■ Exercise description ■
Could you transcribe exactly the lines below, from the line with "Limpar a zona" through the line with "After adjusting the", and nothing else, leaving out the pictures?

■ Entries supplied ■
• • • • •

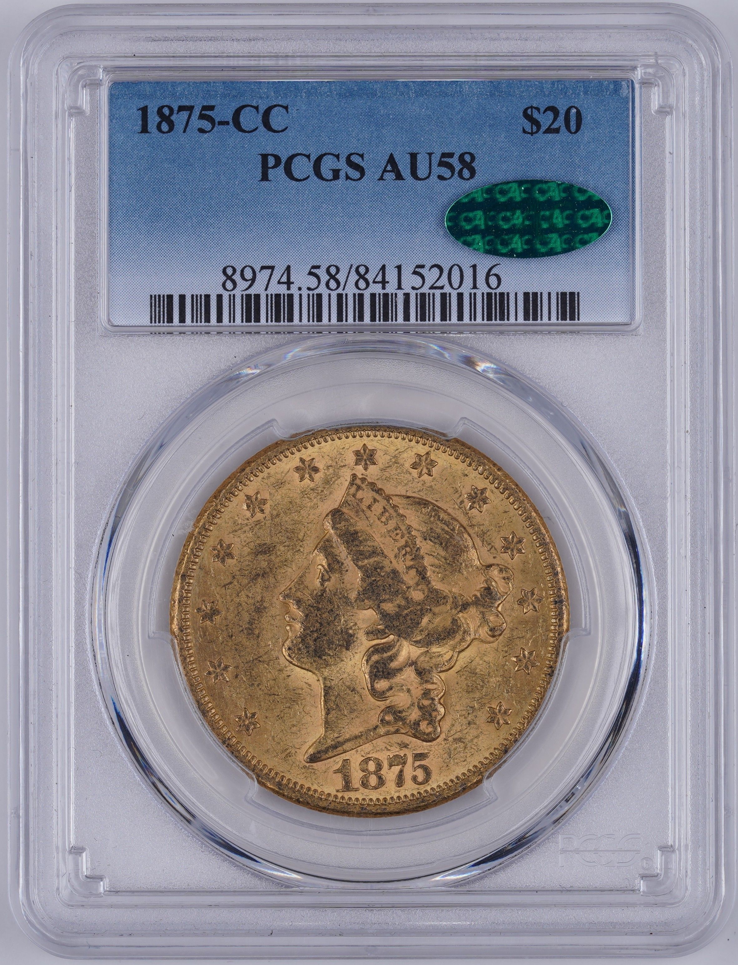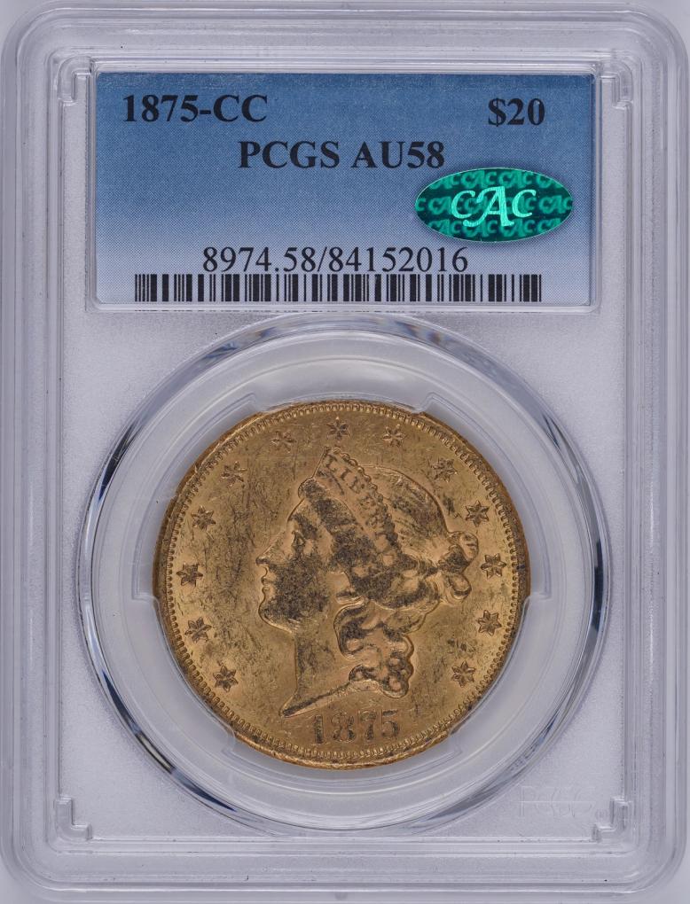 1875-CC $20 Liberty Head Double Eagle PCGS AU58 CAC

• • • • •

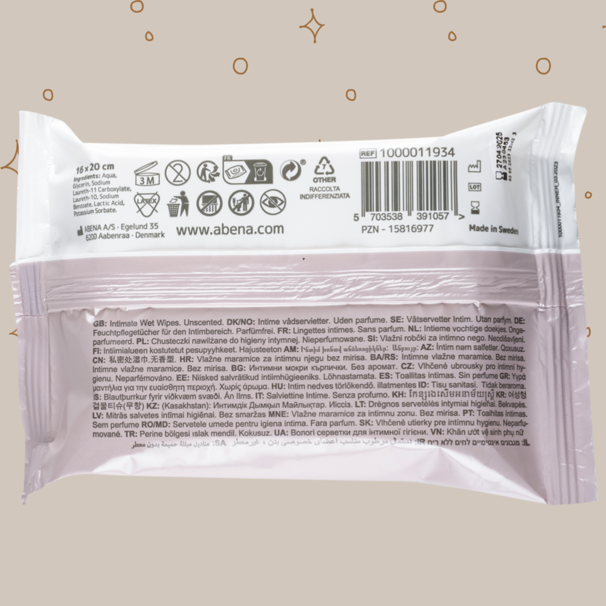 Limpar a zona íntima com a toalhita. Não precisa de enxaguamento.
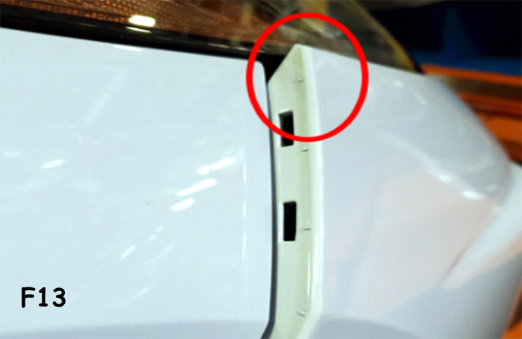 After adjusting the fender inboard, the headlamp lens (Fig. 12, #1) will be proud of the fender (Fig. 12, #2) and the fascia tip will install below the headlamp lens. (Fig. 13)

• • • • •

■ Task response ■
 Limpar a zona íntima com a toalhita. Não precisa de enxaguamento.
 After adjusting the fender inboard, the headlamp lens (Fig. 12, #1) will be proud of the fender (Fig. 12, #2) and the fascia tip will install below the headlamp lens. (Fig. 13)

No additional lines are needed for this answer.